In short, the numbers add up. With another season of letter-writing underway, we believe it’s time to identify, analyze, and value this unacknowledged burden on effective teachers. The problem begins early on in the academic career and affects faculty members at all stages and on all tracks. How many of us were ever taught how to write an effective reference?
If you’re an assistant professor who makes an effort to connect with students, you may end up with far too many reference requests at a time when you should be focused on publishing, teaching, and service. Unfortunately, all the time you spend writing reference letters won’t “count” much in your tenure case.
Maybe you’re a contingent instructor on a teaching-only track. With a high teaching load and a visible commitment to students, you may be on the receiving end of more reference requests than your tenure-track counterparts. With no credit or reward for the many hours you spend writing letters for students, your effort is little short of pure altruism.
Even as a senior professor, you may well encounter this problem, albeit from a different route. Older and less edgy than new hires, your senior rank and prestigious title will make you a valued reference — and even more so if students think you’re a good teacher.
At every rank, then, strong teaching carries with it an invisible burden that needs to emerge as an explicit dimension of faculty workload. So what are we recommending?
- Departments and institutions as a whole must find ways to bring the work of reference letter-writing into the light and incorporate it into the regular process of faculty review. Normalize and reward this kind of labor, and more faculty members will have an incentive to do it, thus distributing the letters workload much more evenly than it is now.

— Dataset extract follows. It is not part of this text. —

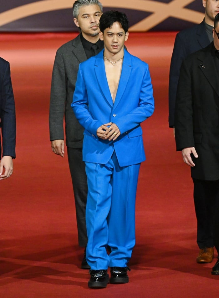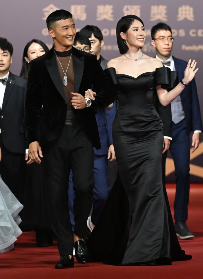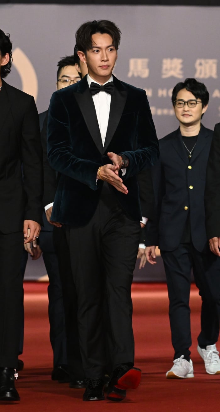 以《黑的教育》入圍金馬新導演的柯震東身穿HUGO BOSS 2023早春系列絲絨材質的孔雀藍西裝踩上紅毯,搭配的是CHRISTIAN LOUBOUTIN的Vatik 黑色漆皮方頭綁帶皮鞋,作為史上第一個拿過金馬新演員獎項後又入圍新導演的他,比起去年的休閒搭配看起來更加正式。

- Administrators should collect data on how this phenomenon plays out on their campus. How many requests do faculty members at different ranks receive? Who bears the burden most in various departments? How do the demand for letters affect excellent teachers disproportionately?
This labor is already being done unseen. Collecting and analyzing such data is the first step toward granting good teachers a reprieve from their undue share of this workload and figuring out how to reward this work in a just and equitable manner.
Cheryl Foster is a professor of philosophy at the University of Rhode Island, Rebecca Millsop is a lecturer in philosophy at the university, and Doug Reed is an assistant professor of philosophy there.